To its benefit, “Sister,” directed by Joe Cardona and José L. Vázquez, does not focus exclusively on Sister Helen’s work against the death penalty but also discusses her early life and spiritual formation. It will likely surprise viewers to hear that, in her younger days, arguably the most famous activist woman religious in the United States wanted little to do with social justice efforts, her primary concern being religious instruction. That changed when she attended a lecture by another sister on social justice and Christ’s relationship with the poor.
“She said, ‘Integral to the good news Jesus preached to poor people was that they would be poor no longer.’ And I sat up right in my seat...and it was like ka-boom,” said Sister Helen. The film presents Sister Helen, with her charisma and warm Southern drawl, as akin to a modern-day Virgil from Dante’s Divine Comedy, a woman of faith whose fighting spirit and radical empathy guides others towards Christian compassion.
It will likely surprise viewers to hear that, in her younger days, arguably the most famous activist woman religious in the United States wanted little to do with social justice efforts, her primary concern being religious instruction.

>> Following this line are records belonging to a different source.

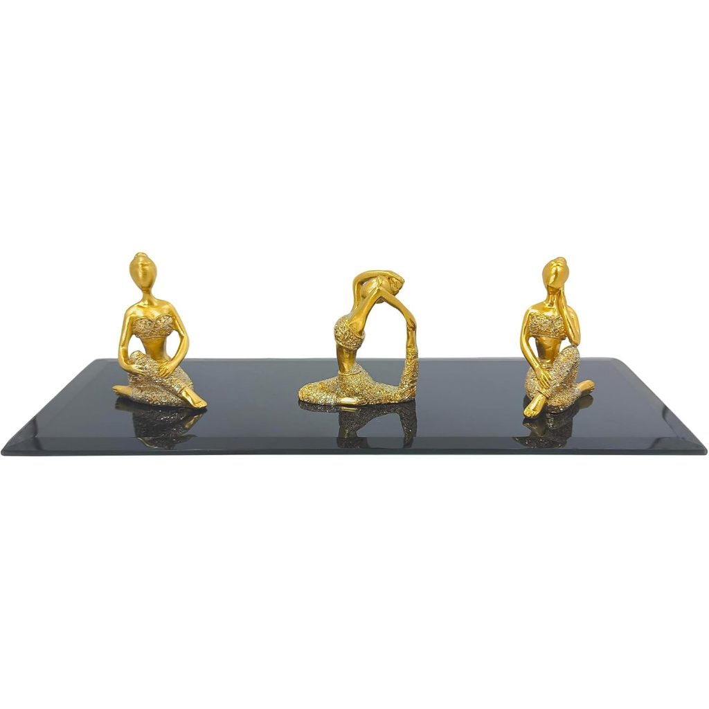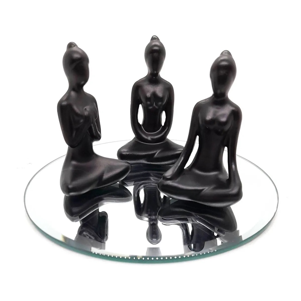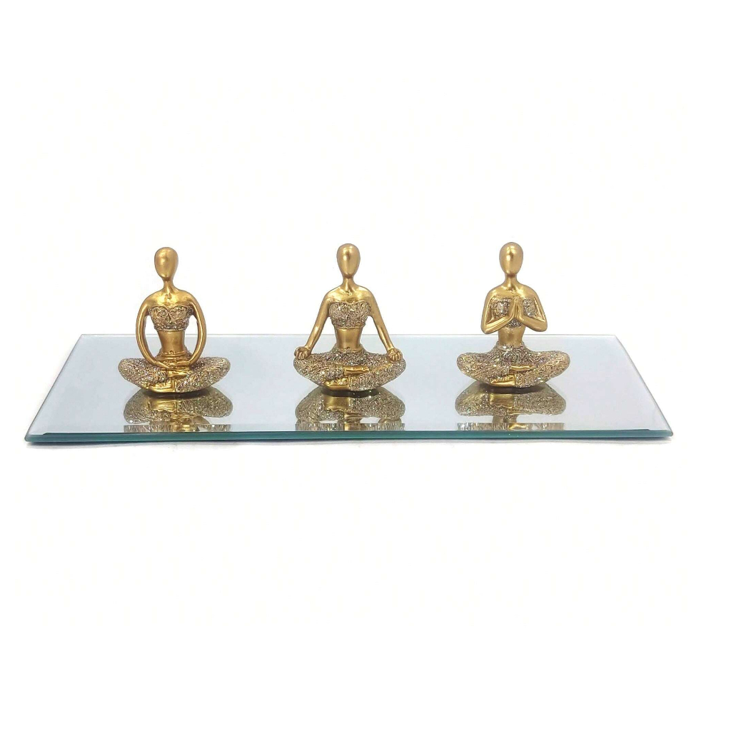 Kit Com 3 Estátuas Enfeite Decorativo Meditação Posições De Yoga 6cm + Bandeja Espelhada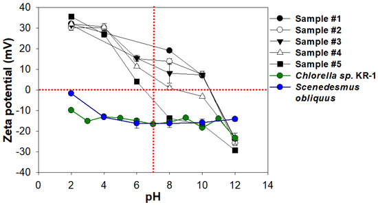 Zeta potentials of samples #1–5, Chlorella sp. KR-1 and Scenedesmus obliquus according to pH.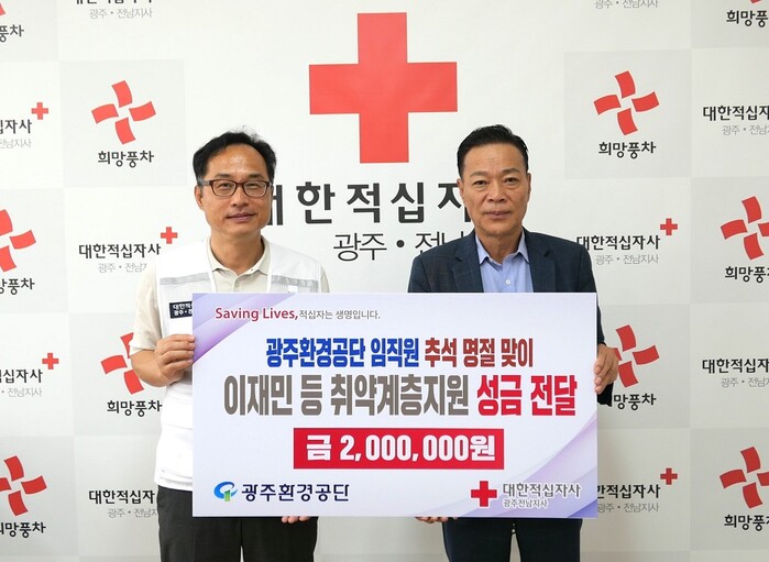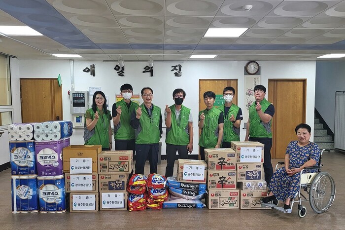 광주환경공단은 추석을 맞아 주변의 어려운 이웃들을 위해 대한적십자사에 200만 원의 성금을 기부하고 사회복지시설 ‘애일의 집’을 찾아 100만 원 상당의 생필품을 전달했다.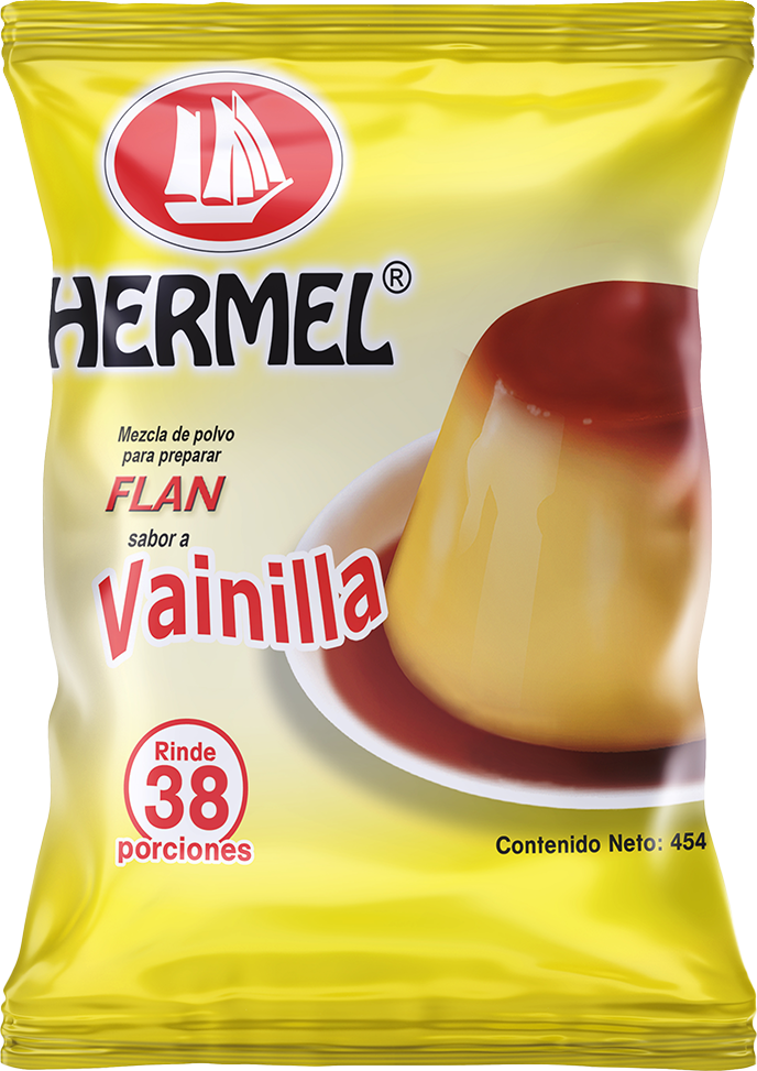 Calentar 3 1/2 litros de leche hasta que comiece a hervir, agregar poco a poco el contenido del flan (450 g), hervir por 2 minutos y refrigerar.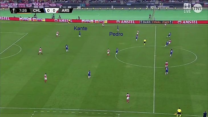 3. Работа в прессинге «Челси» сделана очень грамотно и практически на протяжении всего время (до 3 - 0) прессинговали коллективно высоко и слаженно вступали в контрпрессинг, особенно круто это делал Канте. Также в прессинге Канте и Педро менялись позициями, Канте уходил на правый фланг, Педро в некоторых эпизодах располагался чуть центральнее, в некоторых просто ниже.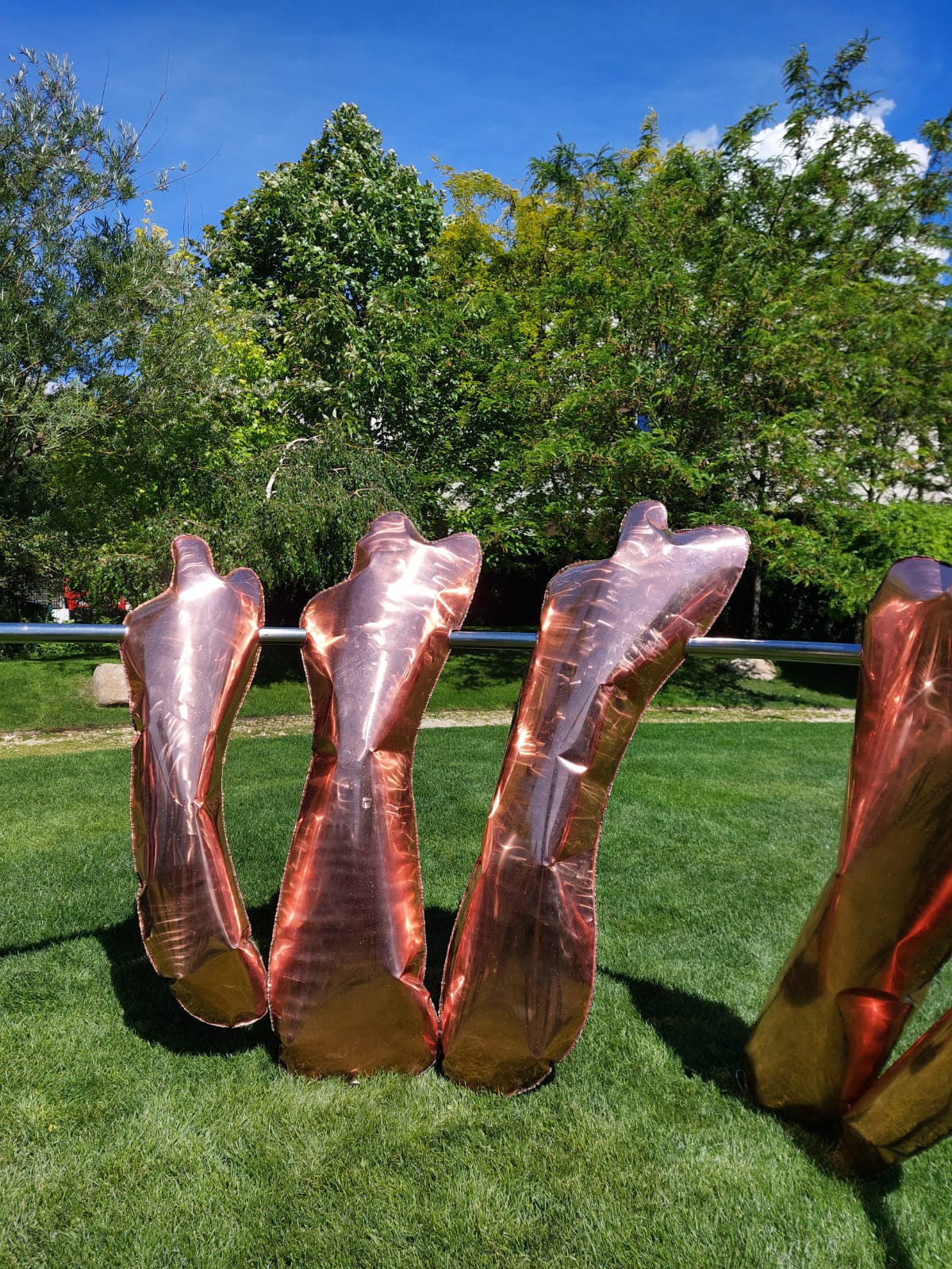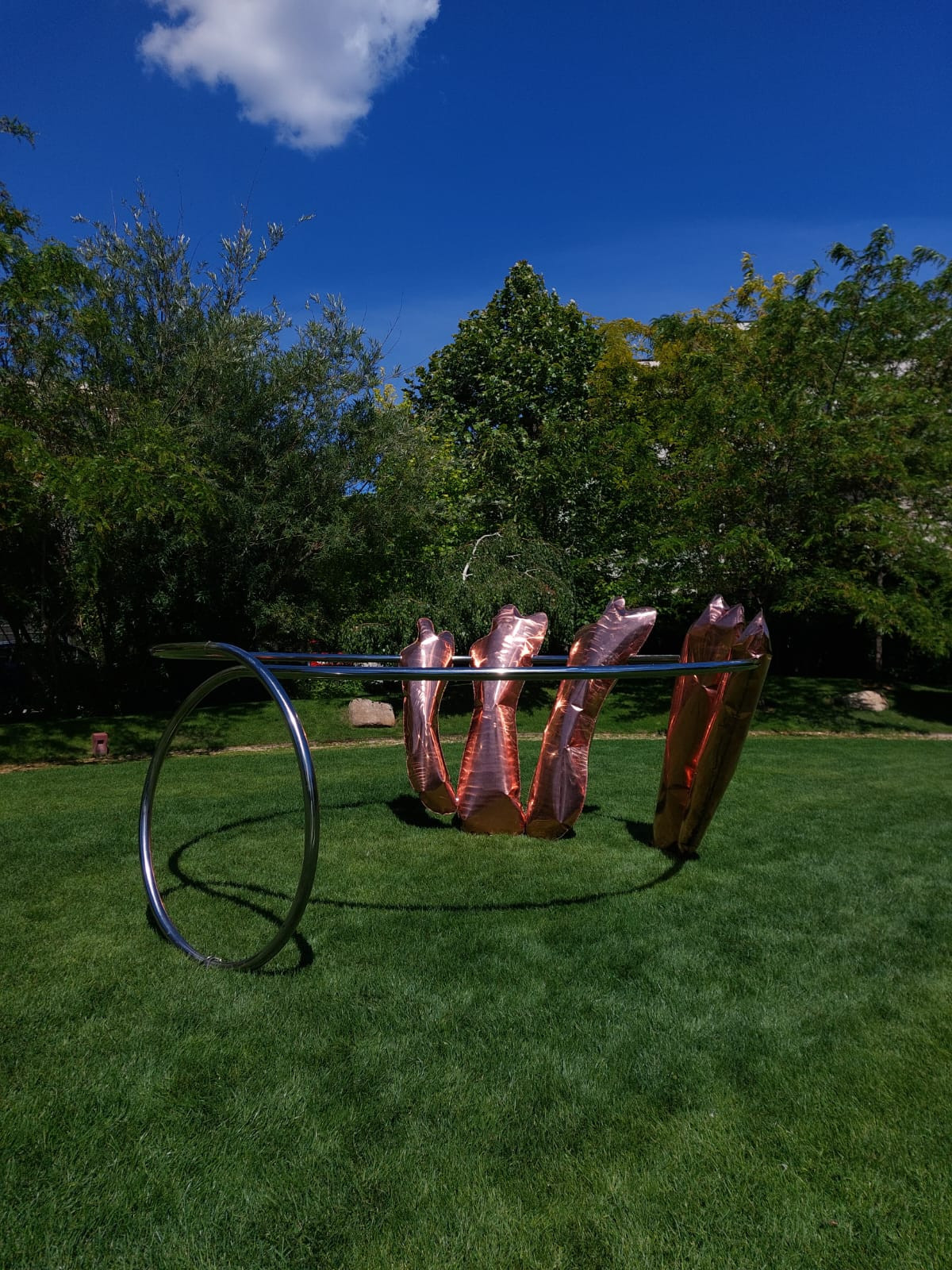Embossed copper and stainless steel; 230 cm height, circle with a diameter of 4m

Portions of “Sister” are not really about its titular figure at all, but about those who have been inspired to reject capital punishment and an appetite for vengeance or retribution. Some examples include a man who lost his daughter in the 1995 Oklahoma City bombing and then befriended the parents of Timothy McVeigh, one of the convicted bombers, and two men who became friends after one man’s son killed the other’s in the 1999 shooting at Columbine High School.
“I’m very conscious that the way grace happens is we wake up,” said Sister Helen.
Whether the viewer agrees politically or spiritually with Sister Helen—or whether the viewer is morally outraged by the kindness she shows towards violent criminals like the Boston Marathon bomber Dzhokhar Tsarnaev—is not the point of this film. “Sister” seeks rather to be a portrait of conviction and an investigation into how one person, on a journey with God, can make a difference.